In the examples shown, the beam 1 is a symmetrical structure in which the connecting walls are geometrically opposite walls. However, symmetry is not a mandatory feature of the invention.

The manufacture of a damping device is extremely easy. Thus, in the embodiments shown in FIGS. 1 and 2, it suffices to have two open polygons respectively formed, for example, one of the incident surface, the other of the radiating surface. a part of the connecting walls and at least one partition coming from the connecting wall. It is then necessary to join the two open polygons, in this case the trapezoids, by one on their side on the one hand by means of a rigid connection, on the other hand by means of the viscoelastic element constituting the damping element, for example simply by soaking the structure in a bath of viscoelastic material. The damping device is then completed.

This damping device can be used in particular as an interposition element between a vibrating structure (not shown) and a support, said support having been shown in the figures by hatching. The applications of this device are numerous, in particular in the automotive field in place of or as a complement to rubber blocks and shock absorbers, in the naval field as a support or structure link in vibration (engine bridges, propeller shaft) in the field rail as support for railway sleepers, in rail structures and finally in the field of aviation for any support or rigid link.

Claims

1. Vibration wave damping device of variable or not amplitude, intended in particular to be interposed between a vibrating structure and a fixed support structure, characterized in that it is in the form of a beam (1) or of a slice of beam (1) rigid in the axis of the neutral fiber and having, between an incident surface (2) and a radiating surface (3), rigid connecting walls (4) shaped to present points by geometric construction (7) or zones of localized geometric weakness ensuring the rigidity of said walls in the axis of the neutral fiber while allowing deformation of said deformable walls in two opposite directions (Dl) under the effect of the wave (o ) vibration applied to the incident surface (2), said connecting walls (4) urging during their deformation at least one damping element (5), preferably housed inside the beam (1) or the edge from p addition (1).

2. Device according to claim 1, characterized in that at least one damping element (5) is disposed between said connecting walls (4) and / or between incident surface (2) and radiating surface (3) and connects the latter between them.

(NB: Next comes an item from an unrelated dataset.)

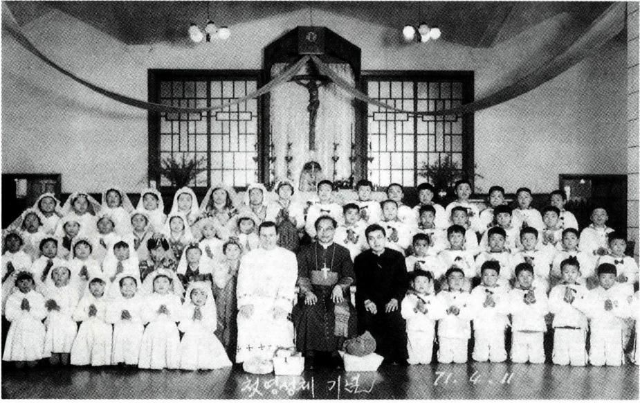 〔교구의 성장과 현재〕 청주교구에서는 정진석 주교 착좌 이후인 1971년 9월 목행동 본당을 설립하였으며, 12월에는 꾸르실료 운동을 교구에 도입하였다. 이어 1974년 9월에 사직동 본당이 설립되었고, 1976년 가톨릭 회관 축복식을 가졌으며, 같은 해 9월 12일에는 오웅진(吳雄鎮, 요한) 신부에 의해 '꽃동네' (음성군 맹동면 인곡리 소재)가 설립되어 사랑의 집 축복식을 가졌다. 또 1977년 1월 16일에는 교구 평신도 사도직 협의회가 창설됨으로써 평신도 사도직 활동이 활성화되는 계기를 마련하였고, 7월 30일에는 가톨릭 농민회 충북 지부 연합회가 조직되었다. 진천 본당에 재임하던 장봉훈(張奉勳) 신부가 한국 순교 복자 수녀회의 김우분(막달레나) 수녀를 백곡에 파견하여 배티 성지의 성역화 사업을 시작한 것도 이 무렵이었다.

3. Device according to one of claims 1 and 2, characterized in that at least one component of the deformation (Dl) of the walls (4) connecting the beam (1) is perpendicular to the direction of the wave (o) vibration applied to the incident surface (2).

4. Device according to one of claims 1 to 3, characterized in that at least one damping element (5) constitutes the connection, in particular the joint plane, between two partitions (6), preferably overlapping, from connecting walls (4) or respectively incident (2) and radiant (3) surfaces.

5. Device according to one of claims 1 to 4, characterized in that walls (4) of connection, incident surface (2) and radiating (3) and element (5) damper define in section two open polygons joined by one of their sides to form in the assembled state a closed structure.

6. Device according to one of claims 1 to 5, characterized in that walls (4) of connection, incident (2) and radiating (3) and damping element (5) define in section two open trapezoids joined by their small base or their large base to form in the assembled state a closed structure.

7. Device according to one of claims 1 to 6, characterized in that the damping element (5) is subjected essentially to shear forces by the deformation of the beam or of the beam edge.

8. Device according to one of claims 1 to 7, characterized in that the damping element is a viscoelastic material.

9. Device according to one of claims 1 to 6, characterized in that the damping element is an oleopneumatic or pneumatic member.

10. Device according to one of claims 1 to 9, characterized in that the rigidity of the walls (4) of connection is included in the range [1,000 - 200,000] N / mm.

11. Element, in particular construction element, of the type consisting of a network of elementary meshes, characterized in that each elementary mesh is constituted by a damping device according to one of claims 1 to 10.